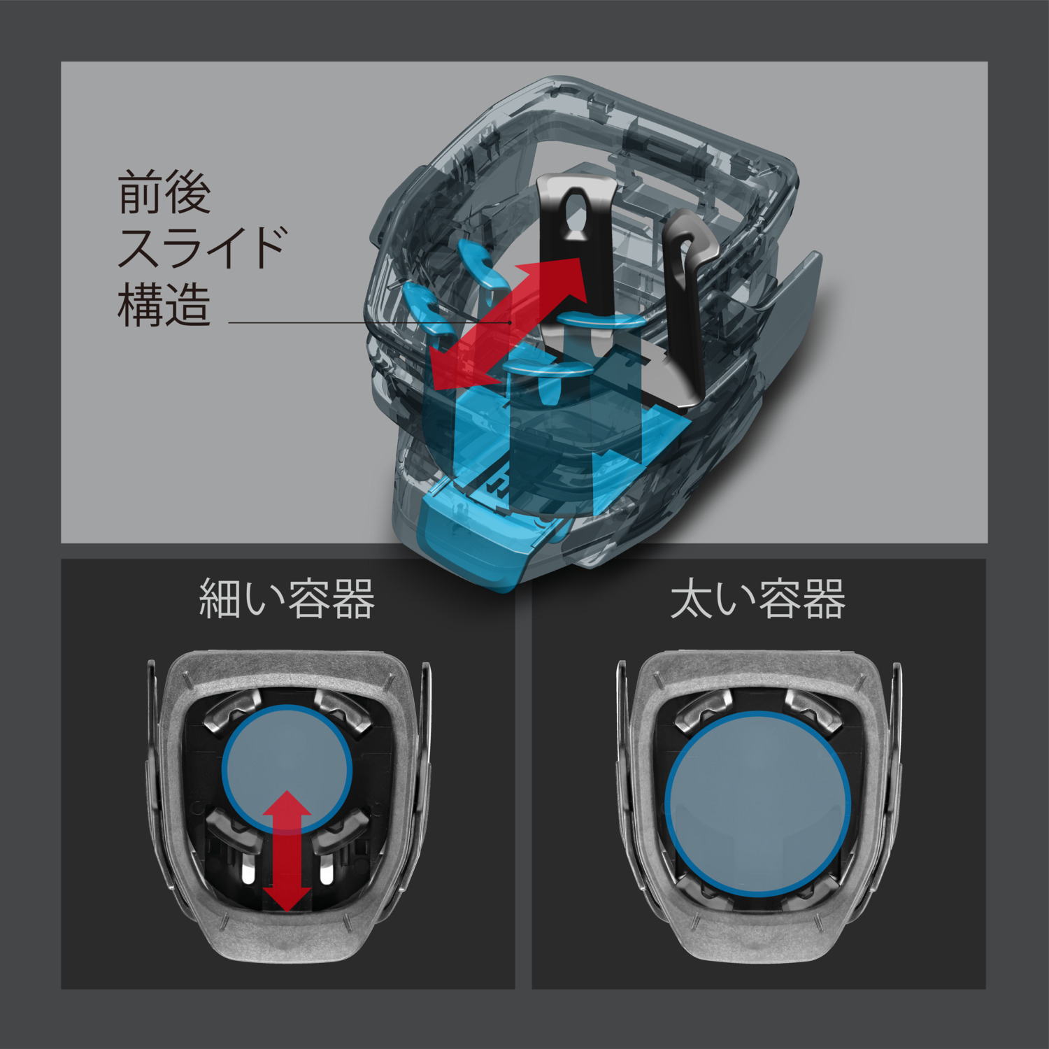 「弾性の動きにスライド機構を加えて。高いホールド性で容器の形状に柔軟に対応」
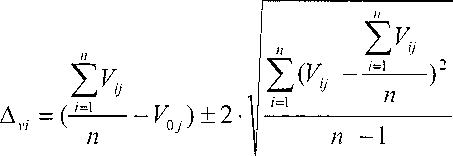 Vi - разность между измеренным поверяемым тахеометром значением i-ro горизонтального (вертикального) угла и значением i-ro горизонтального (вертикального) угла по универсальному коллиматорному стенду, взятому из свидетельства о поверке на него,
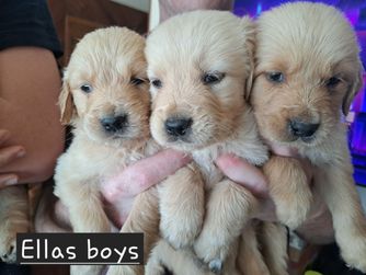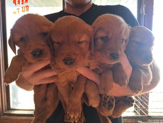 Our Golden Retriever puppies include dark golden, golden, and light golden. Colors will vary depending on the parent dogs.
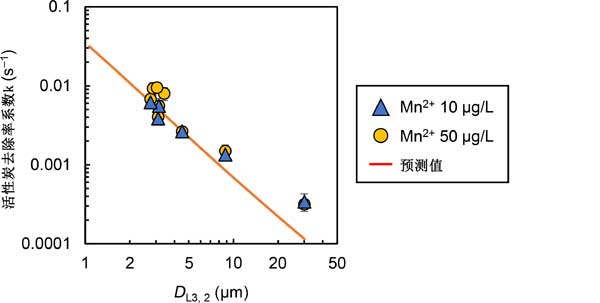 我們將Mn2+去除率系數(shù)(k)與活性炭的粒徑進(jìn)行了比較(圖3)。我們使用源自相同活性炭的九種尺寸的碳顆粒繪制了實(shí)驗(yàn)數(shù)據(jù),以便與方程式的預(yù)測(cè)進(jìn)行比較。實(shí)驗(yàn)值和預(yù)測(cè)值幾乎一致,并且在雙對(duì)數(shù)圖上都顯示出線性關(guān)系。仔細(xì)觀察發(fā)現(xiàn),預(yù)測(cè)值的斜率比實(shí)驗(yàn)值更陡,在較大顆粒范圍內(nèi),實(shí)驗(yàn)值略大于預(yù)測(cè)值。這可能是由于顆粒形狀或表面性質(zhì)的任何差異:我們假設(shè)了一系列參數(shù)值,包括球形值,這些預(yù)測(cè)與顆粒大小無(wú)關(guān),但在實(shí)際的活性炭中,這些值可能隨顆粒大小而變化。總體而言,活性炭的粒徑對(duì)Mn2+去除性能有很大影響。
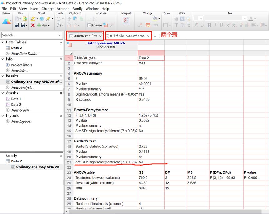 出来了两个表,一个是ANOVA表,一个是Multiple Comparisons表。其中ANOVA表中,有个需要注意的,Are SDs significantly different (P < 0.05)? No,问各组的标准差有没有显著性差异,若没有,则说明这个ANOVA的计算是可以用。
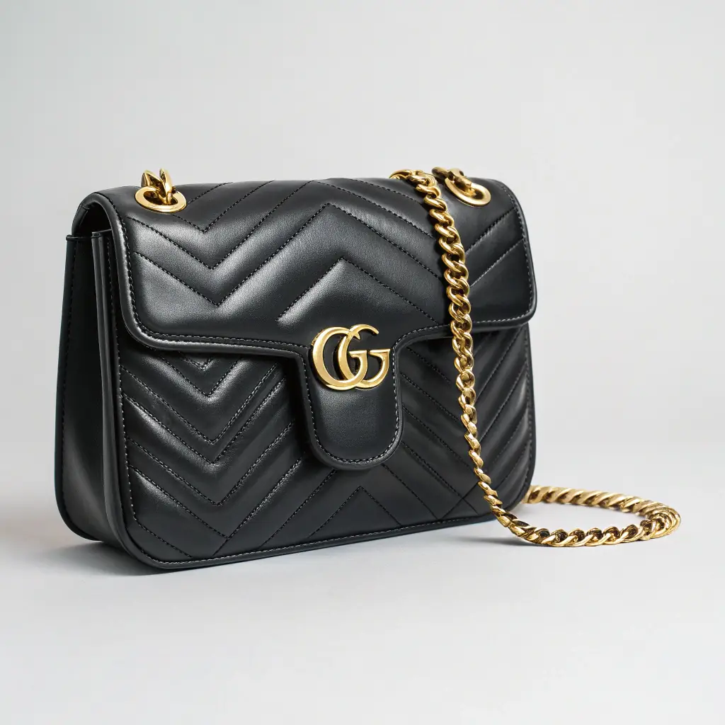 The Gucci Marmont Shoulder Bag features a chevron quilted velvet exterior with aged gold-tone GG hardware. Its compact size makes it ideal for evening outings, while the chain strap adds a luxurious touch. The interior is lined with microfiber and includes a small pocket for essentials. This bag embodies contemporary elegance with a vintage-inspired vibe.
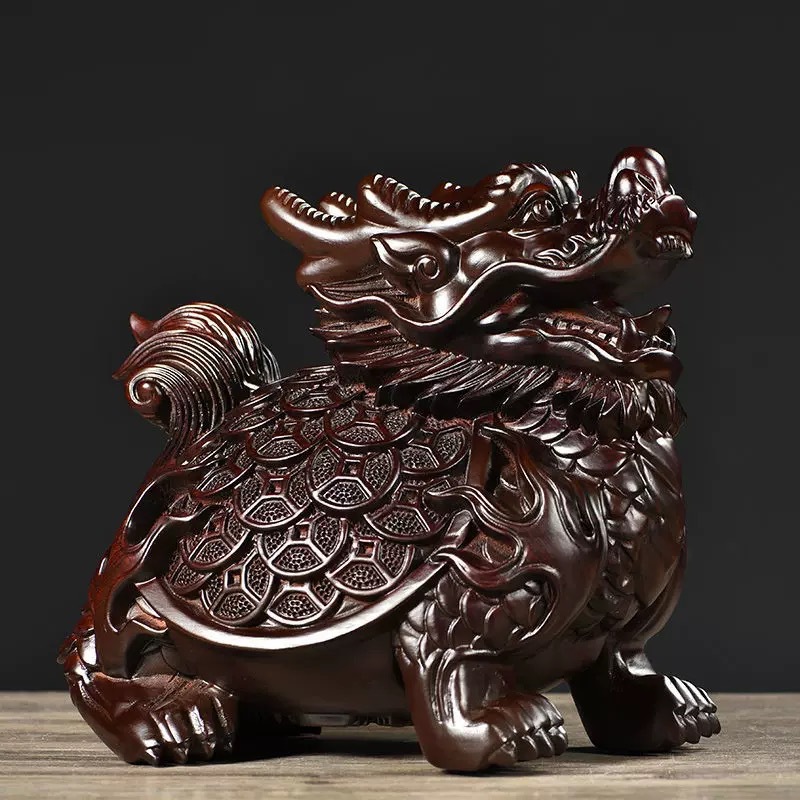 Product Name: Hand-Carved Ebony Wood Dragon Turtle (Money Coin & Bagua) DecorMaterial: Premium solid ebony wood (dense natural grain, smooth hand-polished finish)Design & Craftsmanship:
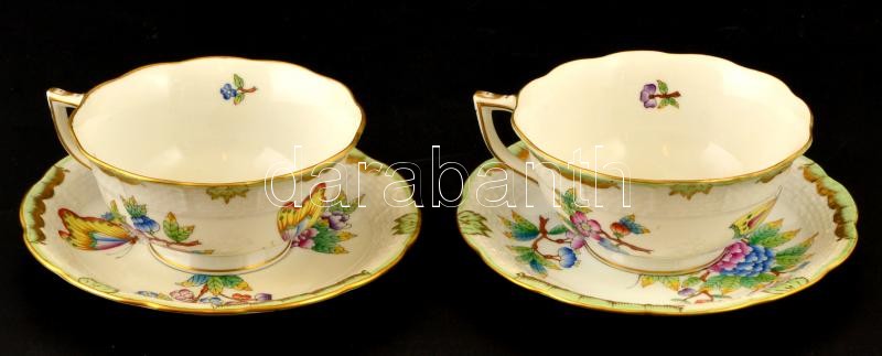 Beschreibung: Herendi Viktória porcelán teás csészék aljjal. 2 db Kézzel festett, jelzett, hibátlan.

+---+

Work to complete:
Your answer is all of the records restated word for word, pictures excluded.

Answer section:
 「弾性の動きにスライド機構を加えて。高いホールド性で容器の形状に柔軟に対応」
 Vi - разность между измеренным поверяемым тахеометром значением i-ro горизонтального (вертикального) угла и значением i-ro горизонтального (вертикального) угла по универсальному коллиматорному стенду, взятому из свидетельства о поверке на него,
 Our Golden Retriever puppies include dark golden, golden, and light golden. Colors will vary depending on the parent dogs.
 我們將Mn2+去除率系數(shù)(k)與活性炭的粒徑進(jìn)行了比較(圖3)。我們使用源自相同活性炭的九種尺寸的碳顆粒繪制了實(shí)驗(yàn)數(shù)據(jù),以便與方程式的預(yù)測(cè)進(jìn)行比較。實(shí)驗(yàn)值和預(yù)測(cè)值幾乎一致,并且在雙對(duì)數(shù)圖上都顯示出線性關(guān)系。仔細(xì)觀察發(fā)現(xiàn),預(yù)測(cè)值的斜率比實(shí)驗(yàn)值更陡,在較大顆粒范圍內(nèi),實(shí)驗(yàn)值略大于預(yù)測(cè)值。這可能是由于顆粒形狀或表面性質(zhì)的任何差異:我們假設(shè)了一系列參數(shù)值,包括球形值,這些預(yù)測(cè)與顆粒大小無(wú)關(guān),但在實(shí)際的活性炭中,這些值可能隨顆粒大小而變化。總體而言,活性炭的粒徑對(duì)Mn2+去除性能有很大影響。
 出来了两个表,一个是ANOVA表,一个是Multiple Comparisons表。其中ANOVA表中,有个需要注意的,Are SDs significantly different (P < 0.05)? No,问各组的标准差有没有显著性差异,若没有,则说明这个ANOVA的计算是可以用。
 The Gucci Marmont Shoulder Bag features a chevron quilted velvet exterior with aged gold-tone GG hardware. Its compact size makes it ideal for evening outings, while the chain strap adds a luxurious touch. The interior is lined with microfiber and includes a small pocket for essentials. This bag embodies contemporary elegance with a vintage-inspired vibe.
 Product Name: Hand-Carved Ebony Wood Dragon Turtle (Money Coin & Bagua) DecorMaterial: Premium solid ebony wood (dense natural grain, smooth hand-polished finish)Design & Craftsmanship:
 Beschreibung: Herendi Viktória porcelán teás csészék aljjal. 2 db Kézzel festett, jelzett, hibátlan.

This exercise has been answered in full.